Кузя приценился к идее:
— Да, Умила могла бы призвать. Только если она у нас жить будет, все посевы заморозками побьёт. А без неё…
Это мне и самому было ясно: элементаль воздуха никого младше архимага слушаться не будет. Да и то, семьсот единиц для них — не авторитет, надо хотя бы тысячу…
— Значит, будем работать.
— Уплотним музейную программу? — ухмыльнулся Кузя. — Не два раза в неделю будем уделять повышению культурного уровня, а три?
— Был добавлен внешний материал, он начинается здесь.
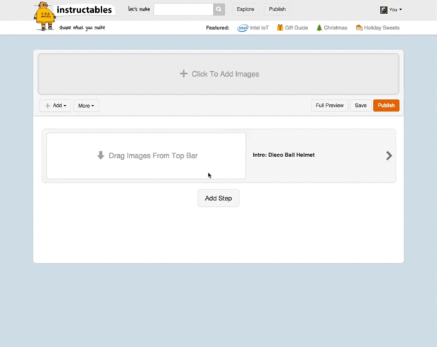Esta es la pantalla por defecto para la creación de su Instructable. Explicar cómo se hace el proyecto mediante texto, imágenes, videos y archivos. Utilice tantos pasos como explicar el proyecto claramente. Un paso Instructables están bien también, especialmente para recetas y otros proyectos sencillos.
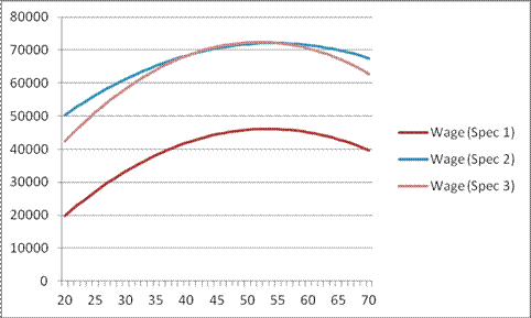 Sample age-wage profiles are shown below, for a white male with just a high-school diploma, unmarried, neither immigrant, veteran nor union member. The estimated peak earning year is 53 in Specification 1, 54 in Specification 2, and 52 in Specification 3.
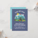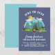 A cute camping scene with pine trees, a tent, a barbecue, a picnic basket, a guitar, a log fire, a volleyball, a sunlounger and beach umbrella, a suitcase, a radio and a kite. The background is navy blue. "HIKE ON OVER" is curved over the top in big, bold capitals and your custom party details appear underneath. View the collection linked on this page for matching items.
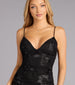 Romantic and sculpted. the Korrie floral soutache mini dress features a plunging V-neckline. curve-tracing bodycon fit. and an open back with a delicate strap detail. Equal parts flirty and elegant. it's made for nights that deserve to be remembered.
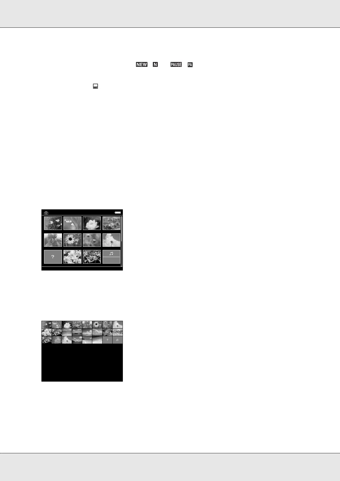 ❏ Thumbnails of the video files which have not been played back, or have not been played back
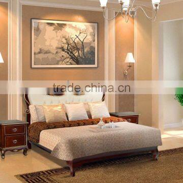 Add style to your home’s guest or master bedroom with this beautiful bed. Offering a clean yet elegant design this bed is the perfect oasis for a nights rest, with soft curves and a shapely design. in a deep mahogany finish, this bed will embody a true traditional style for your bedroom. This bed is available in queen, and king sizes to meet your needs and fit your space.
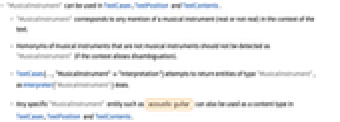 - Any specific "MusicalInstrument" entity such as can also be used as a content type in TextCases, TextPosition and TextContents.
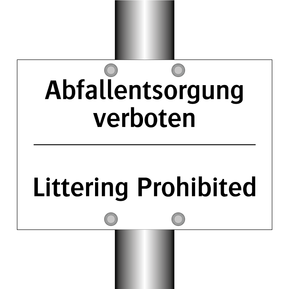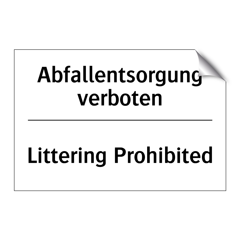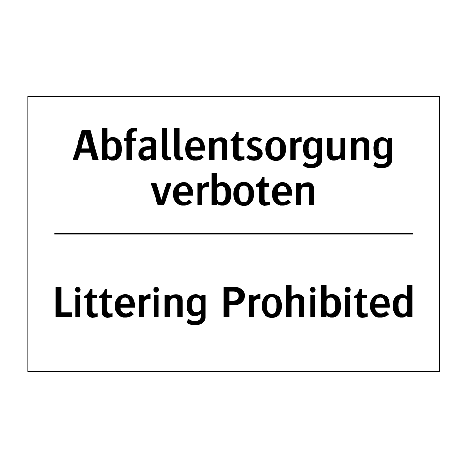 Zweisprachiges Verbotsschild mit deutschem Text Abfallentsorgung verboten und englischem Text Littering Prohibited
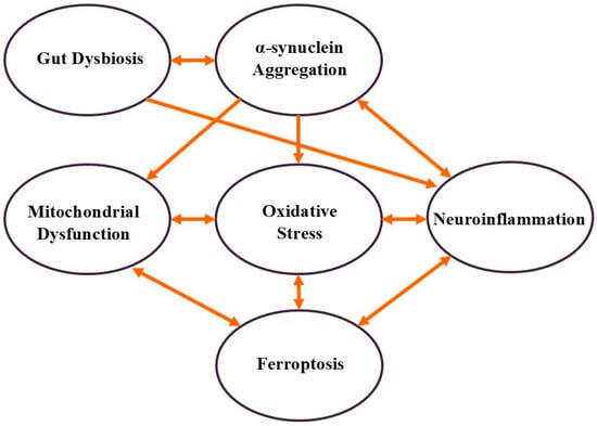 | Gut Dysbiosis | Linked to neuroinflammation and alpha-synuclein misfolding; promotes PD progression. | Pro-inflammatory cytokines; toll-like receptor dysregulation; disrupted gut–brain communication. | [154,155,157] |
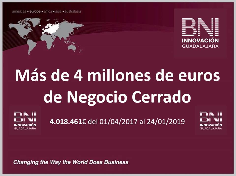 BNI Innovación de Guadalajara alcanza los cuatro millones de euros de Negocio Cerrado
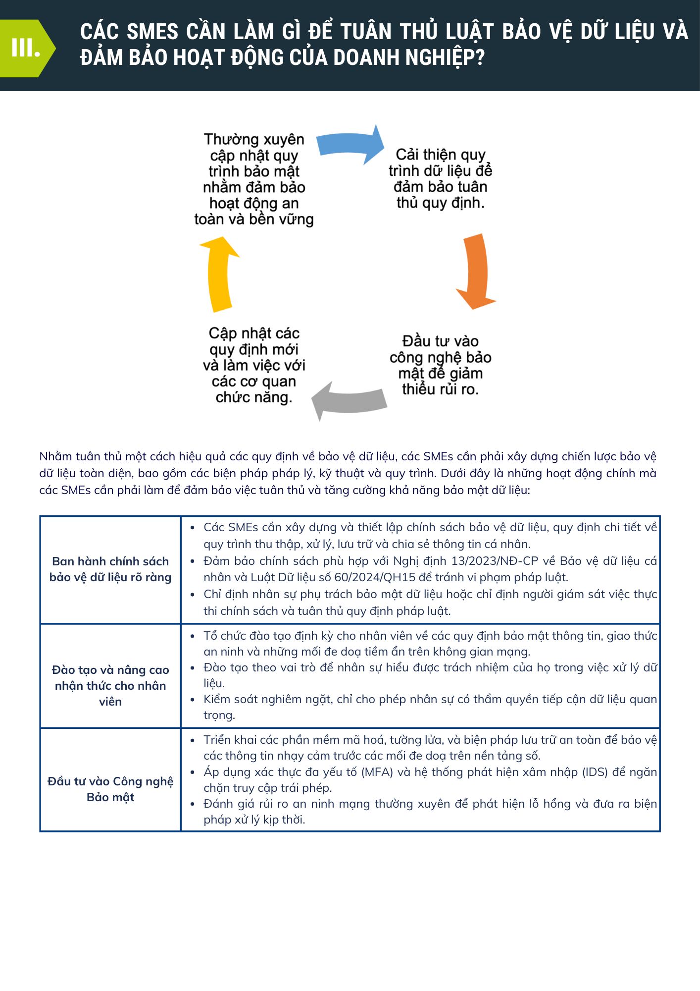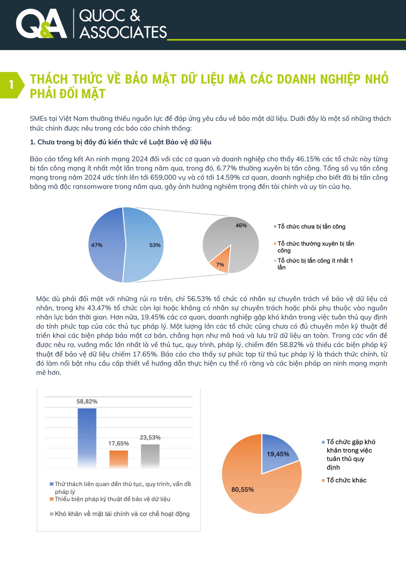 Báo cáo Tháng năm 2024 của Cục An toàn thông tin (AIS) thuộc Bộ Thông tin và Truyền thông (MIC) cho thấy hơn 70% các doanh nghiệp nhỏ và vừa có các biện pháp bảo vệ dữ liệu còn hạn chế, khiến họ dễ bị tấn công trực tiếp các mối đe dọa từ các cuộc tấn công mạng. Trong khi đó, việc tận dụng các công nghệ mới như 13/2023/NĐ-CP về Bảo vệ dữ liệu cá nhân và Luật Dữ liệu số 60/2024/QH15, Chính phủ Việt Nam đã thúc đẩy tăng cường việc tiếp cận bảo mật dữ liệu.

— Или даже четыре. Пока нас не застукали и не выперли оттуда с треском.
СВОБОДУ КОТИКАМ!
Не знаю уж, то ли Вайна-Пуна и впрямь шарахнул, то ли инеистые великаны исхитрились слепить ответную плюху, но погода внезапно и в короткие дни сменилась с почти летней на почти зимнюю. Пришёл мороз, с дуба, росшего при Академии, слетели последние бронзовые листья. Златая цепь, покрывшись патиной инея, поблёскивала тускло. Манул сидел на своей цепи взъерошенный, словно шарик. К наступлению холодов его, должно быть, усердно раскармливали, чтобы жировая прослойка не давала животине замёрзнуть. Щёки его, и без того объёмные, изрядно раздались вширь.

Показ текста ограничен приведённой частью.